Granholm, still upbeat and encouraging, said shaping the state's economy is a long haul, and she called for a step-by-step, day-by-day effort to attract new businesses and train Michiganders for those new jobs.

Gone, she said, is the old industrial model that provided high-wage jobs requiring comparatively little education. Now, she said, small businesses represent a salvation. And she presented several plans to promote it.

She said her administration "laid the groundwork" for the state's new economy. Huh. Seems like the same old state to me; what do you think?

Full text of the Gov's address available here.

The Detroit News gave its take. A highlight:

"This plan -- diversifying our economy, educating our people, protecting them along the way -- this is the path forward," she said.
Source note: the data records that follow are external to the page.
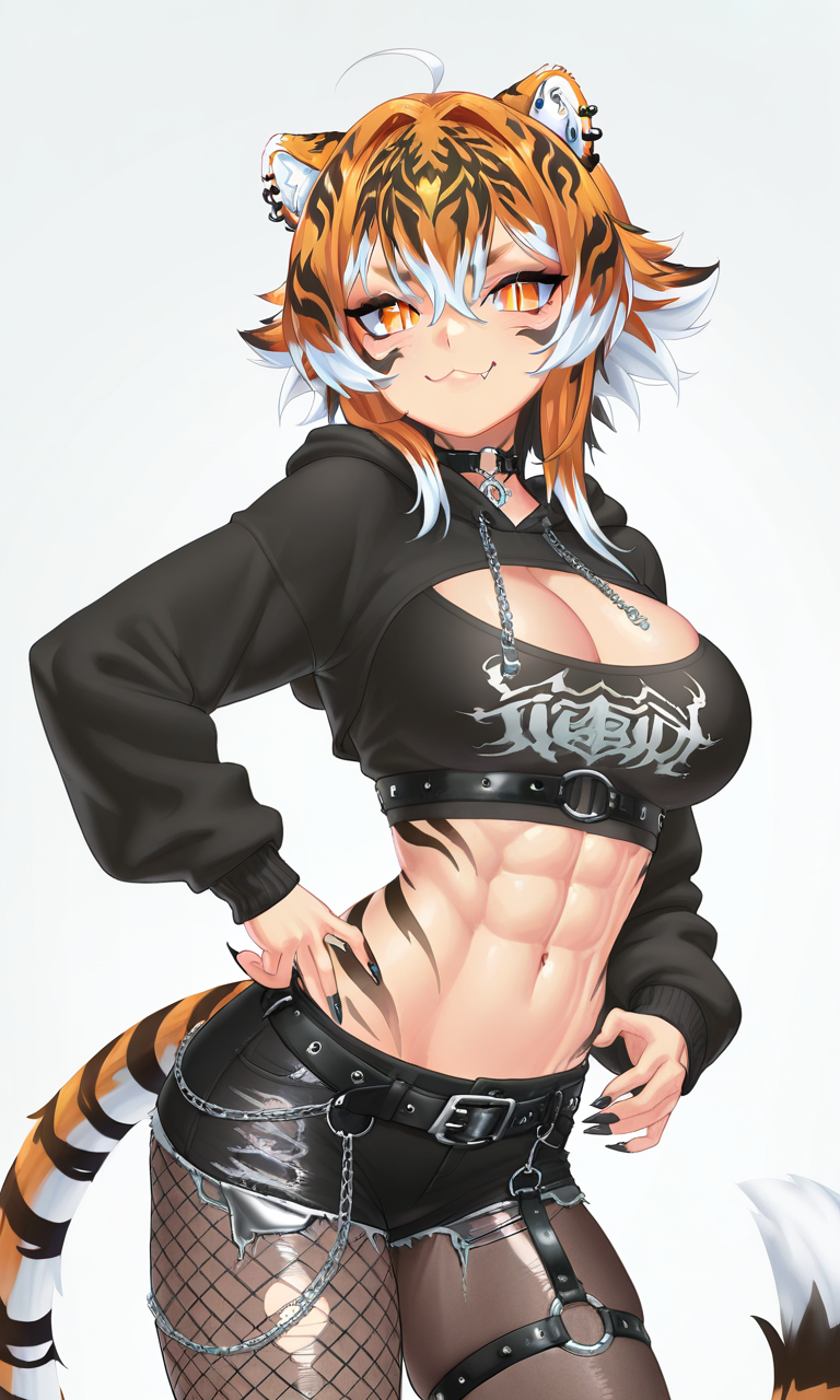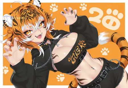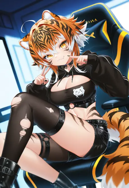 | 학습된 단어 | TaigaVS, 1girl, solo, looking at viewer, short hair, large breasts, black hair, long sleeves, thighhighs, navel, animal ears, hair between eyes, closed mouth, cleavage, tail, full body, white hair, ahoge, multicolored hair, pantyhose, boots, shorts, choker, medium hair, belt, black thighhighs, midriff, hood, black footwear, nail polish, orange hair, streaked hair, collar, animal ear fluff, crop top, fingernails, black pantyhose, orange eyes, torn clothes, short shorts, thigh strap, hoodie, tattoo, black choker, black shorts, fangs, piercing, facial mark, black nails, slit pupils, animal print, single thighhigh, o-ring, black belt, torn pantyhose, sharp fingernails, shrug (clothing), straight-on, tube top, tiger ears, whisker markings, torn thighhighs, tiger print, micro shorts, tiger tail, body markings, bustier, tiger girl, animal feet, year of the tiger, orange fur, tiger stripes복사됨! |
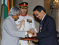 The Government of India awarded him the fourth highest civilian honour of the Padma Shri, in 2006, for his contributions to Indian literature.
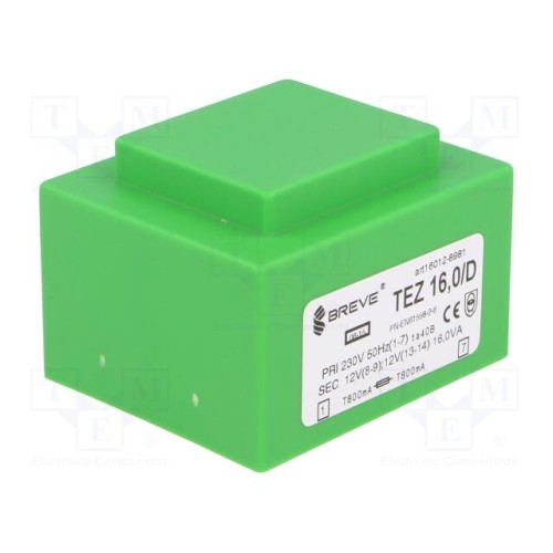 BREVE TUFVASSONS 16012-8981 | Трансформатор: литий; 16ВА; 230ВAC; 12В; 12В; 666,6мА; 666,6мА; PCB
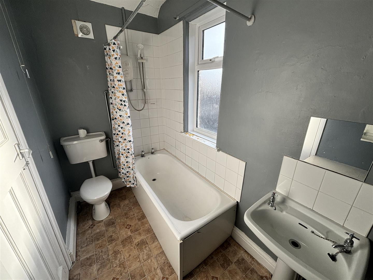 Comprising of a panelled bath with electric shower over, pedestal wash basin and WC. Having tiled splashbacks, radiator and UPVC double glazed opaque window to the rear.
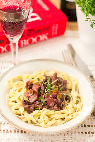 Algupärane retsept ei sisaldanud küll üldse ürte (bouquet garni), kuid leidsin, et päris ilma ikka ei saa ning lisasin tüümianioksi ning loorberilehe. Samuti ei meeldinud mulle kastme „õhuke“ konsistents ning lisasin lõpus kaks supilusikatäit jahust ja võist pastat (beurre manié), mis tegi kastme nuudlite külge kleepumise oluliselt hõlpsamaks.

Among the initiatives Granholm proposed:

• Expanding a Michigan Economic Development Corp. entrepreneur training program to 1,000 people. The 10-week training course will be offered at a dozen business and technology centers around the state.
• Launching a partnership with 30 or more credit unions to provide $43 million in loans -- averaging $20,000 -- to 2,100 budding small businesses.
• Refurbishing about 15 abandoned auto manufacturing sites in places such as Willow Run and Flint and getting them ready for new uses. The state will provide up to $100,000 at each site to assess environmental cleanup.
• Changing the Angel Tax Credit program to enable investors in small businesses to get a tax credit up front, rather than wait until the business has matured before receiving the break.
• Providing adequate funding for road repairs, or leave some $2 billion in federal money on the table. She stopped short of supporting a gas tax increase.
• Establishing "learning labs" through the No Worker Left Behind job program to train people in basic skills, such as reading, writing and math.
• Calling for funding of the Pure Michigan tourism TV and radio ad campaign, which lost its $30 million funding source this year and saw spending reduced to $5.4 million.

Here's The Detroit Free Press story on it as well. Awesome commentary by Freep columnist Ron Dzwonkowski called "Granholm's lofty swan song goals." That says it all.
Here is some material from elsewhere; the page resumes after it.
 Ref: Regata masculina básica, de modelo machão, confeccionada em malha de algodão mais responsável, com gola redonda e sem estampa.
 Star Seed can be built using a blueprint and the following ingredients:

If Granholm can get a majority of her proposals enacted, she will have accomplished more in terms of restructuring state government in her final months than in the previous seven years. Perhaps most importantly, she will have done a lot of heavy lifting that otherwise will fall to her successor, who will be a rookie governor dealing with a lot of rookie legislators -- potentially a disaster waiting to happen.

Also from the Freep:

Despite her efforts to diversify Michigan's economy, with state tax breaks as a main draw, the near-meltdown of the Detroit Three automakers and a long national recession outpaced the new jobs gained in various industries, most notably alternative energy, which she sought doggedly.

It also has sunk Granholm's job approval rating among voters to the lowest in her eight years, below 40%.

To many, her ill-advised exhortation in her 2006 speech that "in five years, you're going to be blown away," has become a sardonic anthem of the state's economic nose-dive.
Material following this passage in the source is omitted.